PROBLEM:
Every entry below is to be returned unchanged. Images are not part of the copy.

◇ ◇ ◇ ◇ ◇

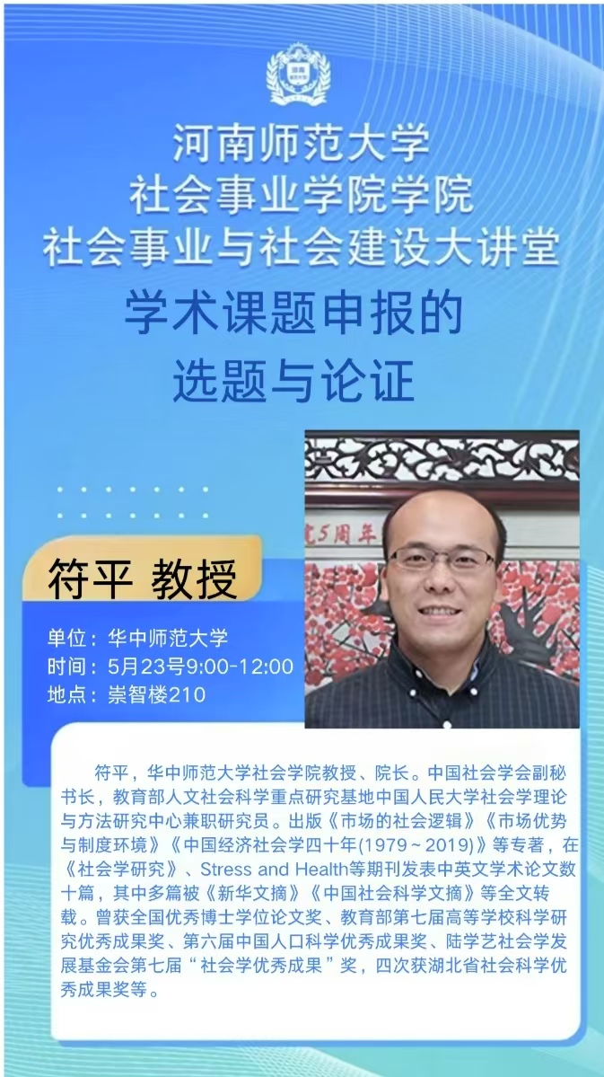 华中师范大学符平教授将应邀做客“社会事业与社会建设大讲堂”
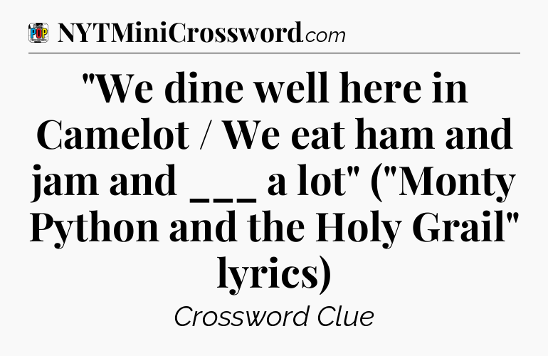 Many people are looking for this kind of information, because they want to pass each level. Especially for this we guessed Daily Pop Crossword “We dine well here in Camelot / We eat ham and jam and ___ a lot” (“Monty Python and the Holy Grail” lyrics) answers for you and placed on this website.
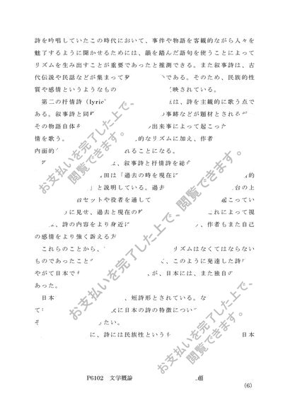 P6102 文学概論 (レポート第1設題&第2設題)
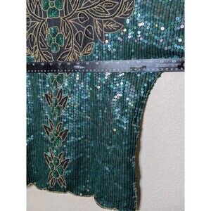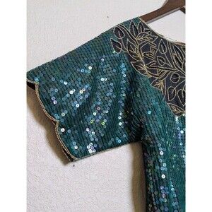Vintage Blue Green Sequin Silk Top Size Medium Party Y2K Formal Beaded Gatsby
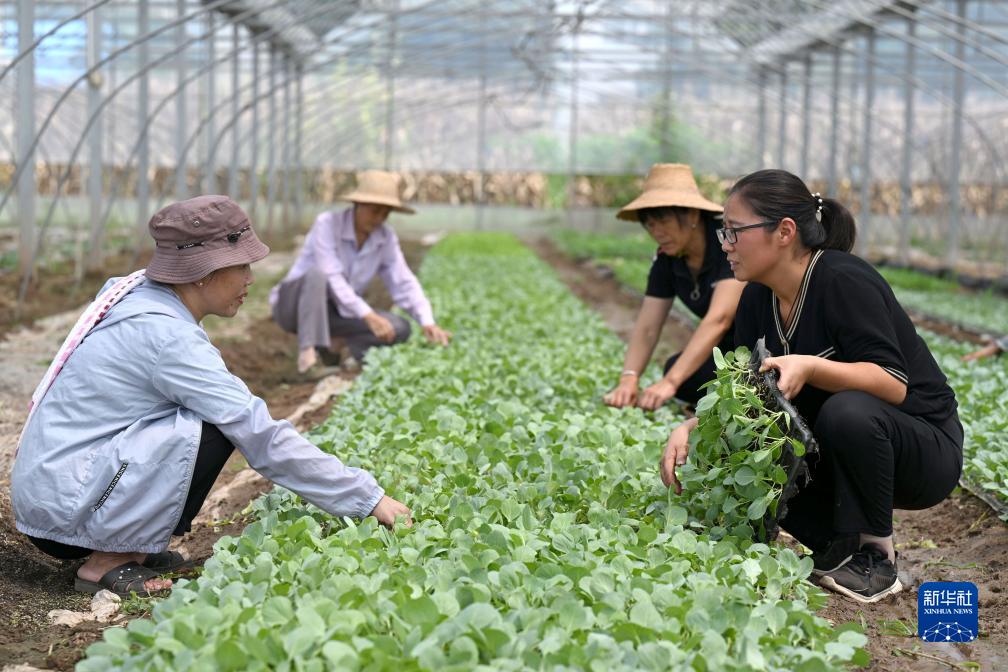 8月16日,余青青(前右)在樅陽縣青園心家庭農場和工人一起查看菜苗生長情況。
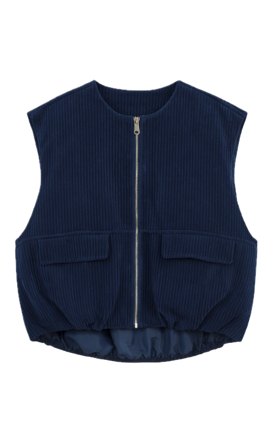 Vesten har rund hals, lynlåslukning foran og to store frontlommer med klap. Den har en kort, boxy pasform med elastikdetalje i kanten, som giver et moderne og afslappet look. Perfekt til lag-på-lag styling.
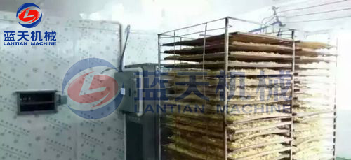 黃姜的烘干單批次重量較大,一般清洗后采用切片機進行切片,厚度在3-5毫米左右,然后裝入物料盤,推入烘干房,2臺12P主機配11.5米長4米寬2.2米高烘干房每次進物料車18臺,每臺可以放黃姜片300斤,總共一批次可以放入5400斤新鮮黃姜片,黃姜片含水量較大,系統需要每邊配置2臺新風閥,溫度從55開始進行提升,每批次烘干總耗時22小時,每小時用電30度,總用電660度,按照每度電1元計算,每斤新鮮黃姜片的烘干成本是0.12元。
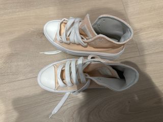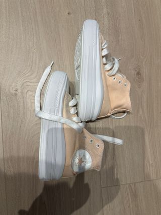 Zapatillas Converse de color beige, talla 39,5. Son de ante y tienen detalles en dorado rosa. Están en muy buen estado. - Ideales para un look casual y cómodo. - Perfectas para el día a día.
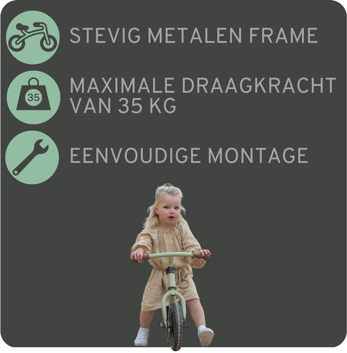 Het metalen frame is het fundament van deze loopfiets. Voordeel: het biedt stabiliteit tijdens het rijden en is doorgaans minder gevoelig voor beschadiging door stoten. In de praktijk betekent dit dat de fiets langere tijd gebruikt kan worden door meerdere kinderen of bij intensiever buitengebruik zonder dat het frame snel verslechtert. Nadelen van metaal (zoals mogelijk gewicht of kans op roest bij slecht onderhoud) worden in de listing niet expliciet genoemd, dus let bij langdurig buiten laten wel op bescherming tegen vocht.
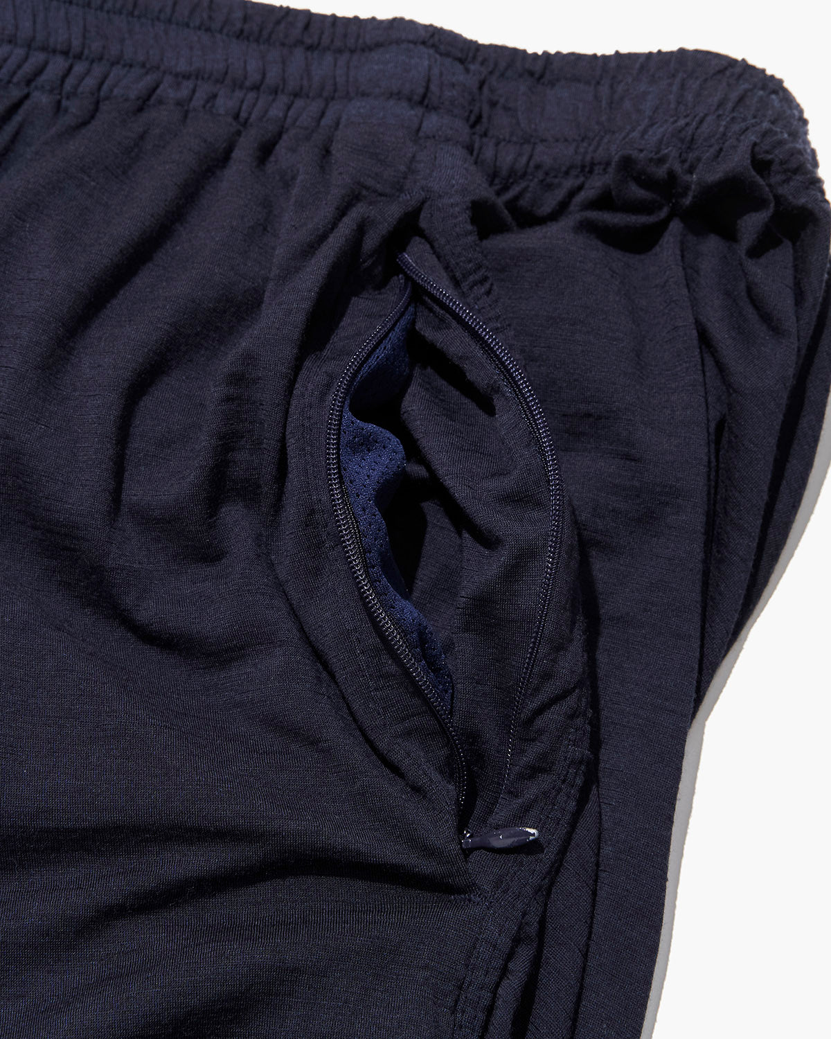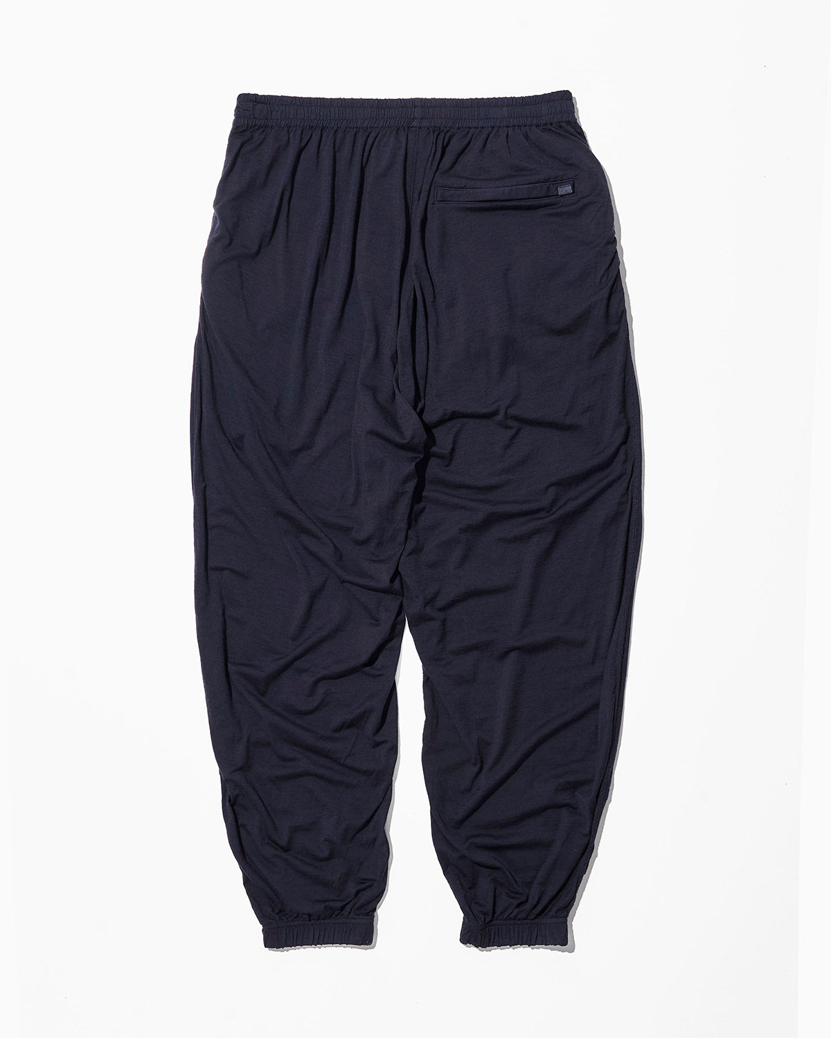 メリノウール製ビックシルエットのイージーパンツ。素材の良さと大きいサイズ感により、あらゆる動きを妨げることなくノーストレス。裾にかけてテーパードがかかり、裾部には緩めのゴムが付いています。前立てジッパー止め仕様。また、ポケットは全てジッパー付き。ポケットに入れた携帯や小銭を落とす心配がありません。

◇ ◇ ◇ ◇ ◇

RESPONSE TO THIS TASK:
 华中师范大学符平教授将应邀做客“社会事业与社会建设大讲堂”
 Many people are looking for this kind of information, because they want to pass each level. Especially for this we guessed Daily Pop Crossword “We dine well here in Camelot / We eat ham and jam and ___ a lot” (“Monty Python and the Holy Grail” lyrics) answers for you and placed on this website.
 P6102 文学概論 (レポート第1設題&第2設題)
Vintage Blue Green Sequin Silk Top Size Medium Party Y2K Formal Beaded Gatsby
 8月16日,余青青(前右)在樅陽縣青園心家庭農場和工人一起查看菜苗生長情況。
 Vesten har rund hals, lynlåslukning foran og to store frontlommer med klap. Den har en kort, boxy pasform med elastikdetalje i kanten, som giver et moderne og afslappet look. Perfekt til lag-på-lag styling.
 黃姜的烘干單批次重量較大,一般清洗后采用切片機進行切片,厚度在3-5毫米左右,然后裝入物料盤,推入烘干房,2臺12P主機配11.5米長4米寬2.2米高烘干房每次進物料車18臺,每臺可以放黃姜片300斤,總共一批次可以放入5400斤新鮮黃姜片,黃姜片含水量較大,系統需要每邊配置2臺新風閥,溫度從55開始進行提升,每批次烘干總耗時22小時,每小時用電30度,總用電660度,按照每度電1元計算,每斤新鮮黃姜片的烘干成本是0.12元。
 Zapatillas Converse de color beige, talla 39,5. Son de ante y tienen detalles en dorado rosa. Están en muy buen estado. - Ideales para un look casual y cómodo. - Perfectas para el día a día.
 Het metalen frame is het fundament van deze loopfiets. Voordeel: het biedt stabiliteit tijdens het rijden en is doorgaans minder gevoelig voor beschadiging door stoten. In de praktijk betekent dit dat de fiets langere tijd gebruikt kan worden door meerdere kinderen of bij intensiever buitengebruik zonder dat het frame snel verslechtert. Nadelen van metaal (zoals mogelijk gewicht of kans op roest bij slecht onderhoud) worden in de listing niet expliciet genoemd, dus let bij langdurig buiten laten wel op bescherming tegen vocht.
 メリノウール製ビックシルエットのイージーパンツ。素材の良さと大きいサイズ感により、あらゆる動きを妨げることなくノーストレス。裾にかけてテーパードがかかり、裾部には緩めのゴムが付いています。前立てジッパー止め仕様。また、ポケットは全てジッパー付き。ポケットに入れた携帯や小銭を落とす心配がありません。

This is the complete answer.